ISO 27001:2013 & GDPR

April 2022

ISO 27001:2013 & GDPR

We take data seriously, and if you want to know more about our company, the promise we make to our customers and their data, and the scope of our IT security policy, read on.

What is ISO 27001:2013?

ISO is an international information security management standard. It’s recognized internationally, and the same certification is granted in all countries. This means it’s not just relevant in the United States (like the California Consumer Privacy Act [CCPA]) or Europe (like the General Data Protection Regulation [GDPR]) 

The short answer: it’s a quality stamp that we handle data in a secure way.

Why is Business at Night ISO 27001:2013 certified?

We applied to get ISO27001:2013 back in 2021 certified for two reasons:

1. Business at Night is a company that operates within the European Union, and therefore we are GDPR (General Data Processing Regulation) compliant.

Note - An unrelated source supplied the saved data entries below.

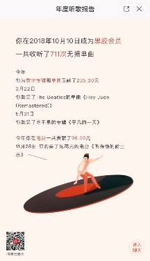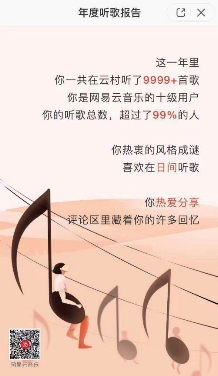 2019年1月4日,網(wǎng)易云音樂(lè)推出2018年度聽(tīng)歌報(bào)告,通過(guò)回顧過(guò)去一年聽(tīng)歌“足跡”展現(xiàn)音樂(lè)對(duì)每個(gè)人生活的陪伴,一上線(xiàn)就已經(jīng)刷屏朋友圈。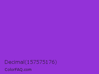 Decimal 157575176 Color is a normal purple color and the nearest color is Dark Orchid #9932cc. Hex code #9332d8 and RGB value is rgb(147,50,216). In RGB color space, this color is composed of 58% red, 20% green, 85% blue, In CMYK color space, this color is composed of 32% cyan, 77% magenta, 0% yellow , 15% black , In HSL color space, this color has a hue angle of 275° , 68% saturation and 52% lightness.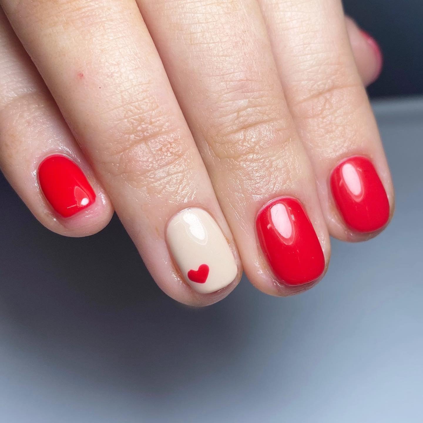 There’s something so refreshing about a manicure that doesn’t try too hard—and this one nails that soft, Valentine sweetness. The glossy red feels classic and confident, while the single cream accent nail with that tiny heart? It’s the kind of detail that makes you smile without even realizing it.
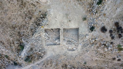During the third week we were joined by nearly thirty volunteers from Yeshiva University in New York City. It was a bit of a struggle placing so many people in just two squares without having them puncture each other’s back with their pickaxes, but we figured it out. A few of them were sent some metres downhill to clear out a carven vat for pressing grapes, which can be seen here: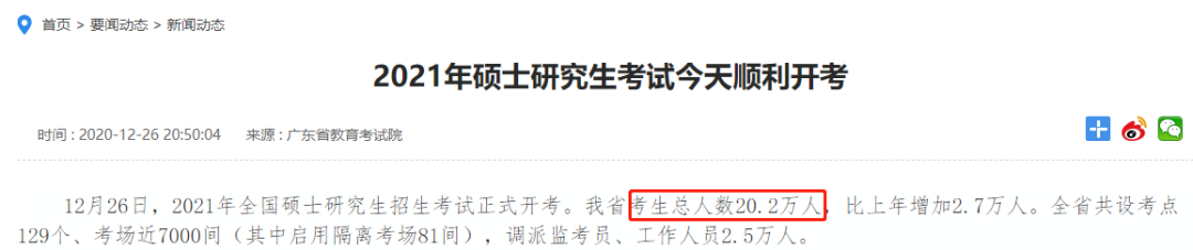 廣東省教育考試院:2021年,廣東省考生總?cè)藬?shù)為20.2萬(wàn)人,比上年增加2.7萬(wàn)人。

Undergoing the ISO certification gave us the chance to strengthen our GDPR alignment.

2. We saw the need for us to show that we have processes in place to handle data securely. Since we received the first certification, we still strive each year to improve our security process. At our latest ISO review we raised our maturity to level 4 out of 5. 

What it means for customers that Business at Night is ISO 27001:2013 certified

To put it succinctly, it means that the data we handle is secure. That means our customers and our customers’ customers can be sure that we know what to do in a situation in which data has been compromised. 

To expand on this, it also means that all significant IT assets, i.e. systems, data, computers, communication equipment, IT sites, etc. have a security rating, are registered, and can be traced to an owner. It also means that access is given on a need-to-have basis.